Section 4. Proof of Work: (Block production rules)

4. Proof-of-Work
   To implement a distributed timestamp server on a peer-to-peer basis, we will need to use a proofof-work system similar to Adam Back’s Hashcash [6], rather than newspaper or Usenet posts.
   The proof-of-work involves scanning for a value that when hashed, such as with SHA-256, the
   hash begins with a number of zero bits. The average work required is exponential in the number
   of zero bits required and can be verified by executing a single hash.
   For our timestamp network, we implement the proof-of-work by incrementing a nonce in the
   block until a value is found that gives the block’s hash the required zero bits. Once the CPU
   effort has been expended to make it satisfy the proof-of-work, the block cannot be changed
   without redoing the work. As later blocks are chained after it, the work to change the block
   would include redoing all the blocks after it.
   The proof-of-work also solves the problem of determining representation in majority decision
   making. If the majority were based on one-IP-address-one-vote, it could be subverted by anyone
   able to allocate many IPs. Proof-of-work is essentially one-CPU-one-vote. The majority
   decision is represented by the longest chain, which has the greatest proof-of-work effort invested
   in it. If a majority of CPU power is controlled by honest nodes, the honest chain will grow the
   fastest and outpace any competing chains. To modify a past block, an attacker would have to
   redo the proof-of-work of the block and all blocks after it and then catch up with and surpass the
   work of the honest nodes. We will show later that the probability of a slower attacker catching up
   diminishes exponentially as subsequent blocks are added.
   To compensate for increasing hardware speed and varying interest in running nodes over time,
   the proof-of-work difficulty is determined by a moving average targeting an average number of
   blocks per hour. If they’re generated too fast, the difficulty increases

Gold related Supply Model (6. Incentive):

By convention, the first transaction in a block is a special transaction that starts a new coin owned
by the creator of the block. This adds an incentive for nodes to support the network, and provides
a way to initially distribute coins into circulation, since there is no central authority to issue them.
The steady addition of a constant of amount of new coins is analogous to gold miners expending
resources to add gold to circulation. In our case, it is CPU time and electricity that is expended.
The incentive can also be funded with transaction fees. If the output value of a transaction is
less than its input value, the difference is a transaction fee that is added to the incentive value of
the block containing the transaction. Once a predetermined number of coins have entered
circulation, the incentive can transition entirely to transaction fees and be completely inflation
free.
The incentive may help encourage nodes to stay honest. If a greedy attacker is able to
assemble more CPU power than all the honest nodes, he would have to choose between using it
to defraud people by stealing back his payments, or using it to generate new coins. He ought to
find it more profitable to play by the rules, such rules that favour him with more new coins

The exact number limited supply I believe is not specifically mentioned in the paper but showed up in the earliest versions of the software. Auditing supply is mentioned however (Section 2 Transactions):

In the mint based model, the mint was aware of all transactions and
decided which arrived first. To accomplish this without a trusted party, transactions must be
publicly announced [1], and we need a system for participants to agree on a single history of the
order in which they were received. The payee needs proof that at the time of each transaction, the
majority of nodes agreed it was the first received.

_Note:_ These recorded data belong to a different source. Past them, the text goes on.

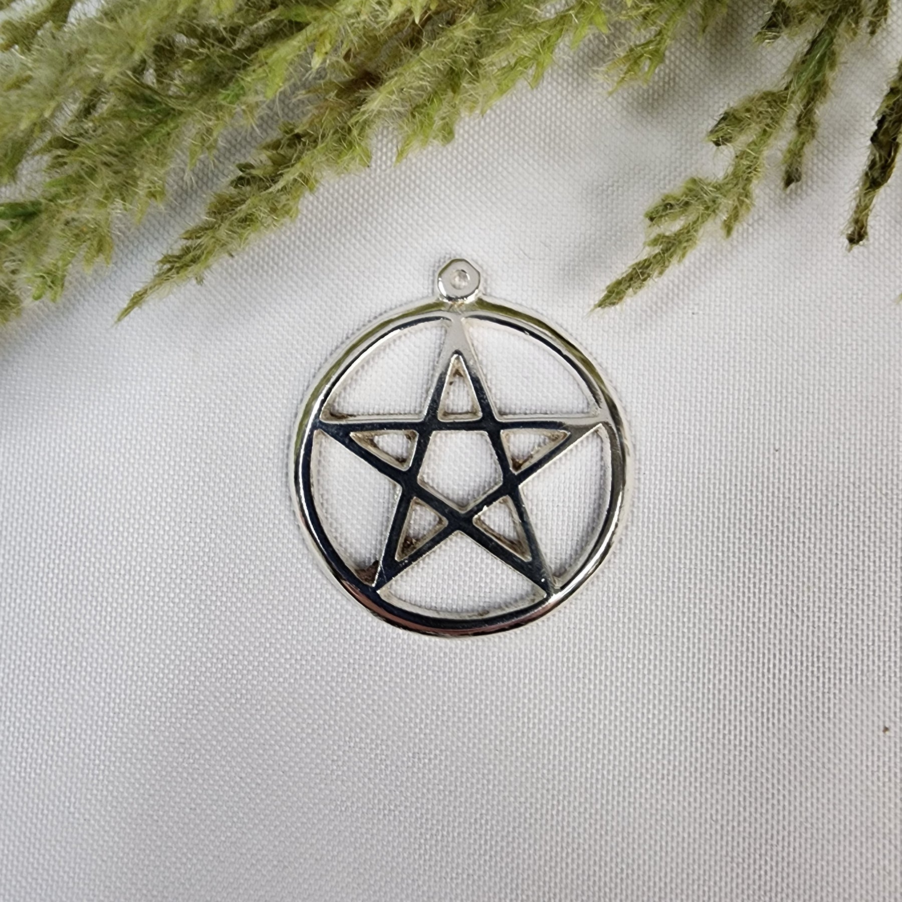 Pentacle within a circle pendant. Considered a talisman or magical object, it is a five-pointed star (a pentagram) enclosed within a circle, often used to represent the five elements of earth, air, fire, water, and spirit, and for protection. This metal pentacle is silver in color and approximately 1.5" dia and comes on a black cord.
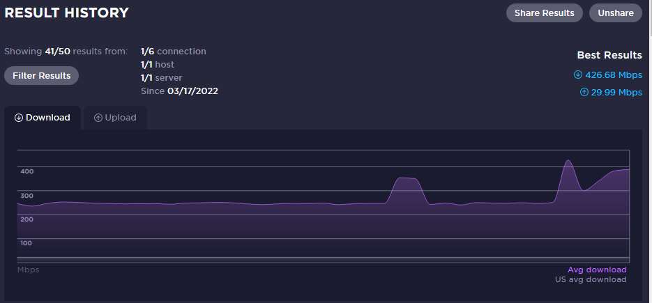 From my PC using Speedtest.org, randomly as I think ti do it); the missing 9 entries are when i have my VPN on; these are no a valid test of Cogeco’s performance).
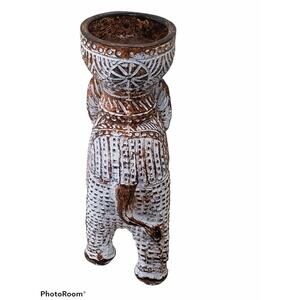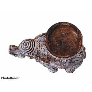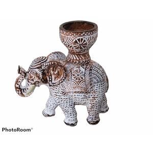 India Design Elephant Wooden Tea Light Holder in Excellent Condition. Very unique and elegant tea light candle holder.
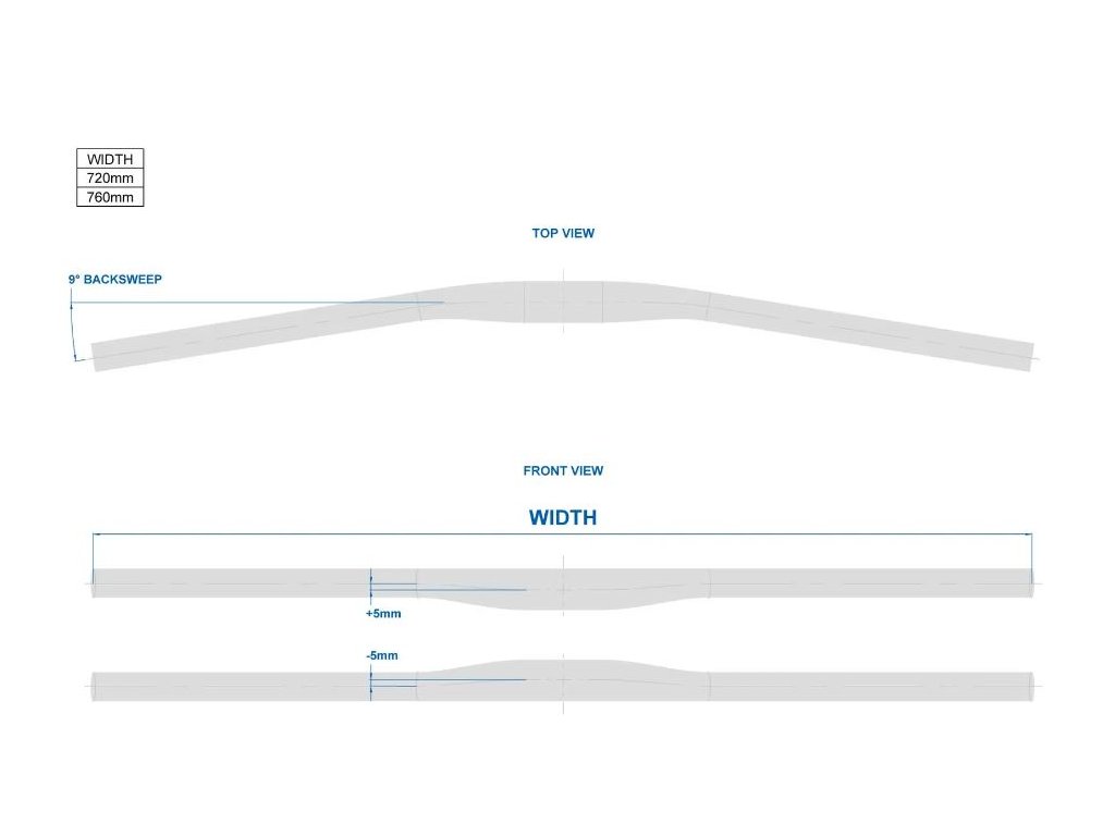MTB riadidlá šírky 760 mm, materiál triple-butted 7050 alloy, 9 st. backsweep, rise +/- 5 mm, priemer riadidiel 31,8 mm, hmotnosť 245 g.
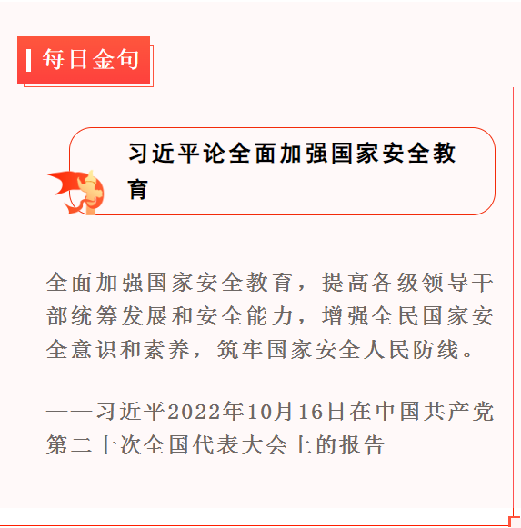 今年4月15日是全国第8个全民国家安全教育日,为全面贯彻落实总体国家安全观,加强全民国家安全意识和素养。日前,区委办、区委政法委、区委宣传部等单位联合开展全民国家安全教育日主题宣传活动。今年的宣传主题是“贯彻总体国家安全观,增强全民国家安全意识和素养,夯实以新安全格局保障新发展格局的社会基础”。
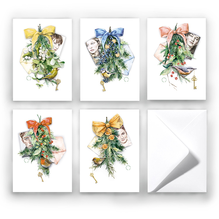 Deze set bevat 10 postkaarten (2×5 verschillende tekeningen) met bijpassende enveloppen.

It would be somewhat irresponsible for the whitepaper to include the exact supply specification as it was a proof of concept paper made when bitcoin was started not when bitcoin was deployed in practice(maybe someone else disagrees, personally I think it makes sense, I am learning from history so someone who was there at the time will know more about it). That being said the deflationary nature is self evident in the code for the supply which caps the total supply for bitcoin at 21 million. This happens with “halvings” which reduce the reward of a mined block by half, they happen every 210000 blocks, they have happened before without a problem which leads us to assume they will continue to drop off until the implicit block reward is zero and the network will need to incentivize miners through transaction fees.